I had never set foot inside a Football Stadium before the other night’s closed doors Heineken Star Player launch event. Not to watch a game, nor even to visit one of the things as I would a museum. They’re simply structures that exist, but don’t perform a function that I feel involves me, like coal mines and water treatment facilities, only less useful.
And the irony of walking into in one of the world’s most impressive ones, the Emirates, only to be watching the match on not one, but two screens at the same time, didn’t escape me. You can probably deduce how I feel about new and interesting interactive experiences on the other hand, if for no other reasons than what it says when you click on my name up yonder. What was I to make of Heineken’s bid to merge the two?

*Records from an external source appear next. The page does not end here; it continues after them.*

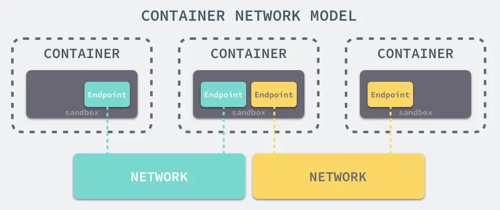整个网络部分的功能都是通过 Docker 拆分出来的 libnetwork 实现的,它提供了一个连接不同容器的实现,同时也能够为应用给出一个能够提供一致的编程接口和网络层抽象的容器网络模型.libnetwork 中最重要的概念,容器网络模型由以下的几个主要组件组成,分别是 Sandbox、Endpoint 和 Network: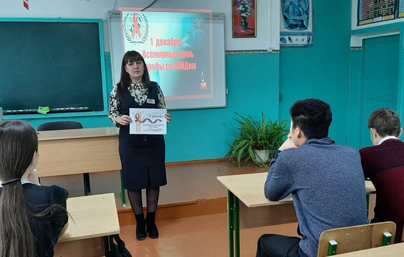 В ходе урока-презентации Ольга Свиридова рассказала ученикам 11 класса об истории появления этой знаковой даты, учрежденной ООН в память о жертвах ВИЧ-инфекции, а также о значении акции «Красная ленточка», направленной на общественную поддержку людей, столкнувшихся с опасной болезнью.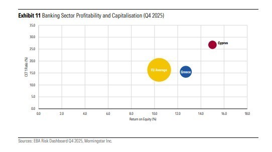 Εντούτοις, τόσο οι ελληνικές όσο και οι κυπριακές τράπεζες διατήρησαν κερδοφορία άνω του μέσου όρου της ΕΕ το 4ο τρίμηνο του 2025 (Διάγραμμα 11).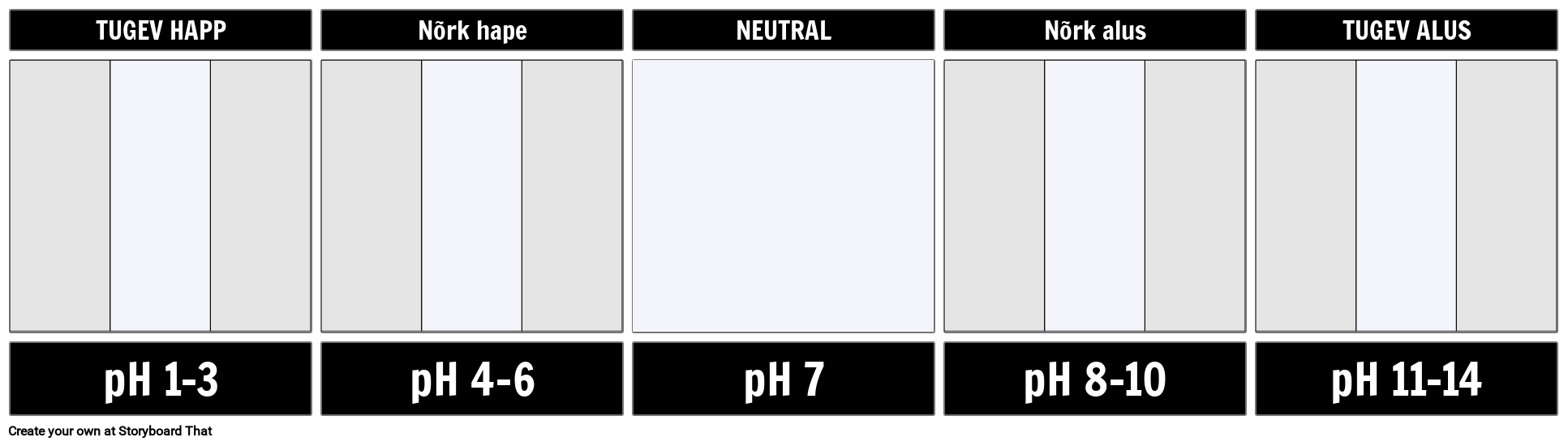 pH skaala mall | Paluge õpilastel muuta tausta värvi vastavalt pH skaalale. Seejärel lisage näited üksustest / ainetest, mis sobivad igasse lahtrisse.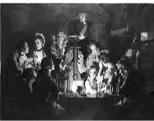画面上,一个科学家正在演示气泵的原理,随着空气被抽走,一只鹦鹉在垂死挣扎。在科学家周围围满了观察实验的人。有的全神贯注在观看,有的小声在交谈。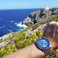 Аксессуар имеет дайвеский характер. Он реализован в массивном корпусе, выдерживающим давление воды, вращающемся безеле, крупной индикацией времени. Наручные часы с возможностью автоматического и ручного завода оснащены пружинным японским калибром 4R35 с 23 камнями, резерв хода сохраняется на 41 час. Модель защищена по всем параметрам: прочное минеральное стекло Hardlex, закручивающаяся задняя крышка, завинчивающаяся заводная головка с защитой. На стрелки и метки нанесено люминесцентное покрытие LumiBriteЛюминесцентное покрытиеПозволяет считывать показания времени в темноте. Производители наносят на стрелки, часовые индексы, безель или поверхность циферблата светонакопительный состав, дающий холодное свечение.. Надёжный корпус из антикоррозионной стали 316L дополнен цветным PVD-финишемPVDУльтратонкое покрытие наносится в технике вакуумного напыления, сочетает в себе нитрид титана особой прочности со слоем золота или оксида хрома. Несёт в себе декоративную или защитную функцию.. Повышенная водозащита WR 200 позволяет нырять и плавать в часах. Практичной является функция отображения даты и дня недели. Диаметр корпуса: 43,5 мм.

You see, Star Player is designed as a metagame to the core game of football. Key actions like corners, free kicks or penalty shots bring up a game show-style multiple choice screen where you get to guess the outcome. The main rub, though, is being able to guess whether a goal will be scored in the next 30 seconds, and you get nine chances (counting a fake power-up) to do so. Sprinkle liberally with random trivia questions about Champions League countries and of course the Heineken brand and have everyone compete against each other on points inside a league.
If it sounds incredibly straightforward, that’s because it is. I’m willing to wager about as much work went into keeping mechanics out as into those that did make the cut. Sure, there are hiccups. A lack of consistency to the type of events that you get to score on, for one thing.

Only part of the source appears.